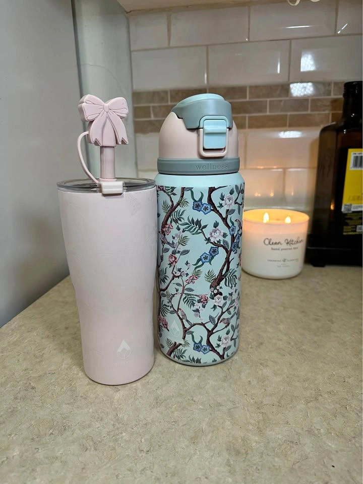 Cute Wellness water bottle and tumbler set. Blue bottle has pretty floral and bird design, is 32oz, with a flip-top lid. Pink tumbler has a textured pattern, comes with a metal straw and a cute bow straw topper. Both are BPA free. Great for staying hydrated!
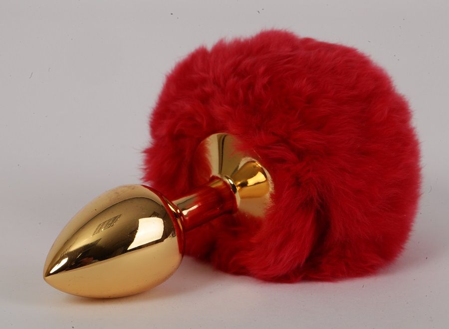 Золотистая анальная пробка c пушистым красным хвостом Задорный Кролик
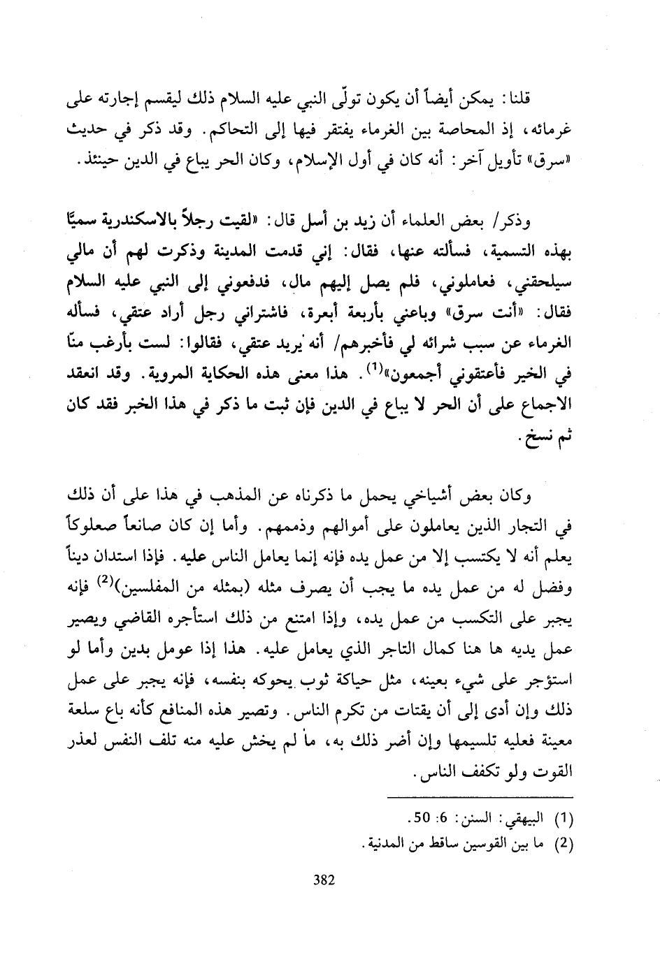 وذكر بعض العلماء أن زيد بن أسل قال: "لقيت رجلًا بالاسكندرية سميَّا بهذه التسمية، فسألته عنها، فقال: إني قدمت المدينة وذكرت لهم أن مالي سيلحقني، فعاملوني، فلم يصل إليهم مال، فدفعوني إلى النبي عليه السلام فقال: "أنت سرق" وباعني بأربعة أبعرة، فاشتراني رجل أراد عتقا، فسأله الغرماء عن سبب شرائه لي فأخبرهم أنه يريد عتقي، فقالوا: لست بأرغب منّا في الخير فأعتقوني أجمعون" (¬1). هذا معنى هذه الحكاية المروية. وقد انعقد الإجماع على أن الحر لا يباع في الدين فإن ثبت ما ذكر في هذا الخبر فقد كان ثم نسخ.
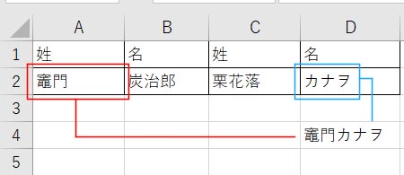 つなげようとしている姓「竈門」はA2のセルに入っています。
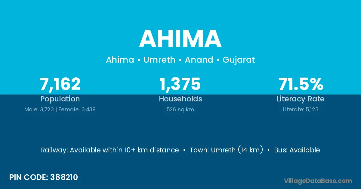 Umreth (14 km) is the nearest town to Ahima village for major economic activities and is located approximately 14 km away.
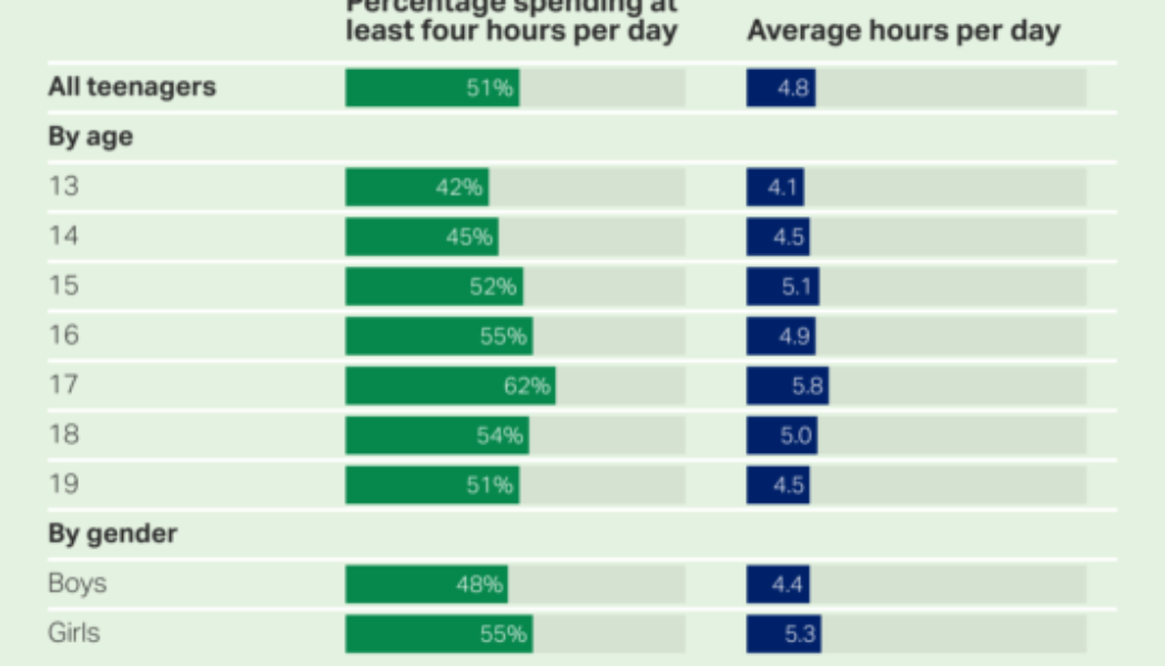 Girls, who have been shown to be particularly vulnerable to the psychological harms of social media, spend even more time on the apps than boys (an average of 5.3 hours a day vs. 4.4 hours for boys) and the platforms consume more of teenagers’ lives as they move through high school: 4.1 hours a day on average for 13-year-olds compared to 5.8 hours for 17-year-olds.
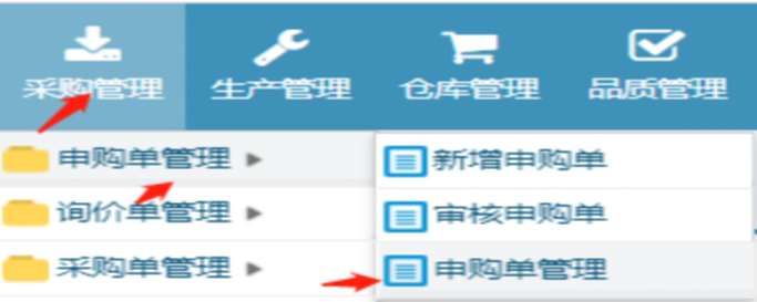 2. 如果没有设定审核的话,在”采购管理-->申购单管理-->申购单管理”
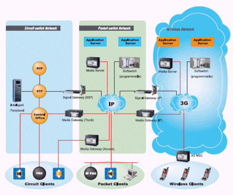 、隨選視訊(Video Streaming) 等應用,著重在聲音影像,深具高度收益的潛力,而被服務供貨商大力推廣。但是服務提供業(yè)者為了讓使用者能輕易的在現(xiàn)行設備上溝通聲音影像,必須肩負極高的成本,同時運營兩種網(wǎng)絡。因此在不損壞傳統(tǒng)語音網(wǎng)絡穩(wěn)定運作而又能快速建置整合新一代IP通訊建設的限制下,『寬頻通訊平臺』便以網(wǎng)關(Gateway)的形式出現(xiàn)扮演接口角色,成為網(wǎng)絡設備供貨商及電信系統(tǒng)業(yè)者最佳的解決方案。不但同時支持IP網(wǎng)絡又負起和傳統(tǒng)網(wǎng)絡以SS7為主的PSTN(Public

▬▬▬▬▬▬▬▬▬▬

## What you are asked to do
Your task is to restate word for word the lines from the top of the data to the line containing "Золотистая анальная пробка", both ends included, with every picture left out.

## Solution for this exercise
 Cute Wellness water bottle and tumbler set. Blue bottle has pretty floral and bird design, is 32oz, with a flip-top lid. Pink tumbler has a textured pattern, comes with a metal straw and a cute bow straw topper. Both are BPA free. Great for staying hydrated!
 Золотистая анальная пробка c пушистым красным хвостом Задорный Кролик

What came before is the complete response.